Lucy MacGillis’ July exhibition at the Hoadley Gallery, ongoing since 2003, has become almost a Berkshires institution by now. There is always a good deal of anticipation, warm-hearted enjoyment of her latest work, and the paintings sell fast. Each year there is impressive growth in the subtlety of her vision and in the emotional power of here work.
Lucy grew up not far from Melville’s famous prospect of Mt. Greylock, surrounded by the rolling expanses, hills, and wooded slopes of the Berkshires. Since 2000 she has lived and worked in a small Umbrian town, Monte Castello di Vibio, not far from Todi, painting landscapes and familiar objects around her studio and the simple house where she lives. The distant views and the rooms of the house alike are filled with the clear, warm light of Umbria. As she explained to me, showing me photographs as illustrations, her point of departure is this all-encompassing light and its subtle changes through the course of the day and the seasons. Wherever she goes from there, she is guided by her eye. This visual experience, she says, slows down her painting, reflecting the slow, tranquil life in the town.
Although her paintings, all oils on canvas or linen, are devoid of human figures on a literal level, they are full of human life. The apricots and figs in her still life paintings will be eaten, the bottles consumed, the distant caffetiera on the stove emptied into the cup discreetly looming in the foreground. In this direct experience of light, color, texture, and space and in the connoted life around and within them, Lucy MacGillis invites us to share obliquely in her life.

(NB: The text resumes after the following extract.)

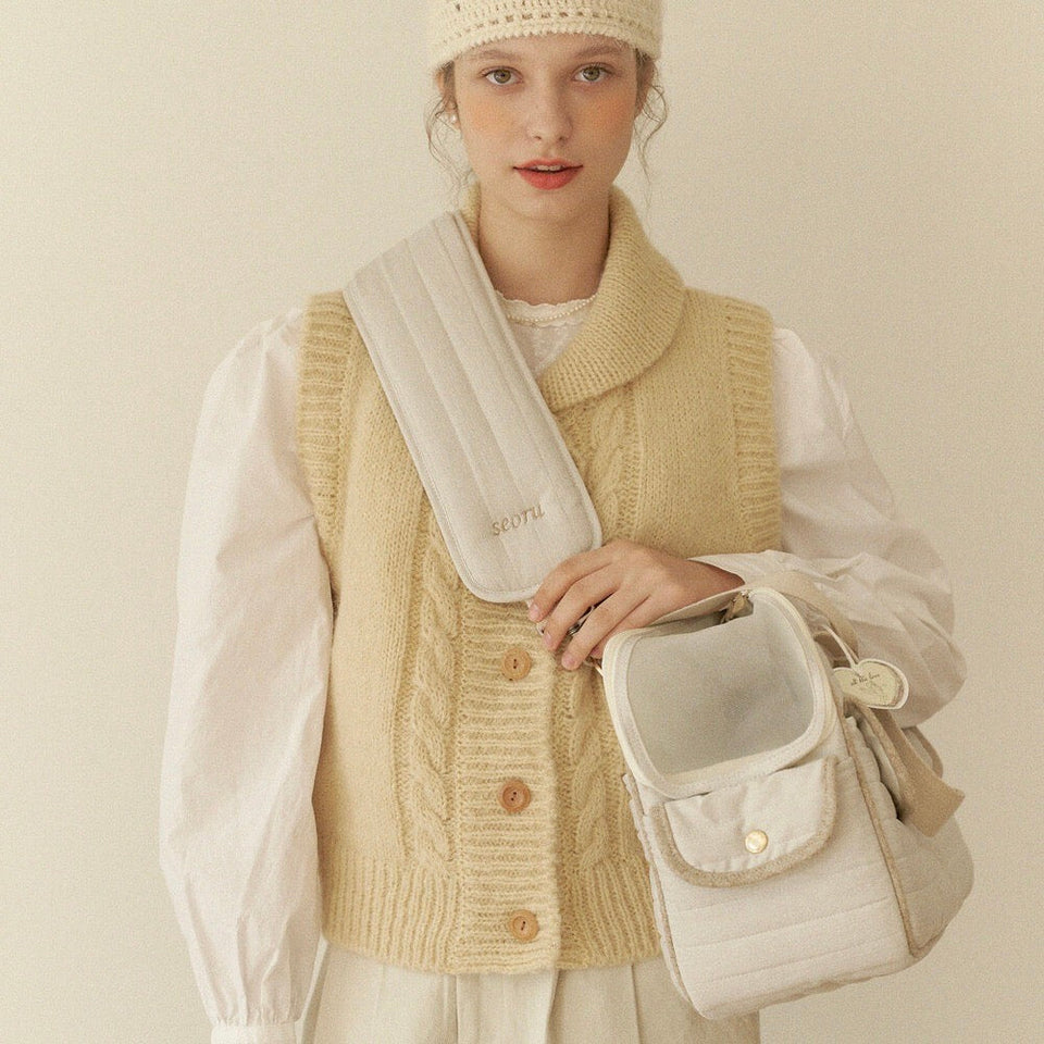 オーナーの肩の負担がなくなるようにもともと軽量で作られていますが、さらにハンドストラップ部分につけることのできるクロスストラップもセットになっているので、より便利!

For the viewer, as he or she contemplates each canvas, this grows into a feeling of actually being present on the spot.
Apart from the carefully developed technique of her work and its seductive light and color, it is surely this immediacy, this vivid recreation of the experience of life in an Umbrian hill town which accounts for the popularity of this young painter’s work. In her exhibitions at the Hoadley Gallery in Lenox, Lucy MacGillis’s work has sold readily to local and visiting collectors, who may or may not find evocations of some favorite Italian locality in them. Working in oil of varying impasto on markedly textured canvas and linen, she develops not only this deceptively simple experiential illusion, but also a Cézanne-like structure, however gently implied, as well as a richly developed but informal play of brushwork. As natural and unpretentious as this informality may seem the work is consistently complete. Her aims go far beyond pure impression.
Although Cézanne, Morandi, and her former teachers John Lees and William Bailey are most definitely present, Ms. MacGillis is well along in her own course. She looks much more at her environment than at any models she may have encountered. She studied art and psychology at the University of Pennsylvania, graduating in 2000. In the course of this university grants brought her to Umbria, where she now lives with her husband and child. The ensuing years were filled with marriage, work, and a string of exhibitions in Philadelphia, Monte Castello di Vibio, Perugia, Rome, and of course Lenox, where the Hoadley Gallery has been presenting one-woman shows of her work since 2003.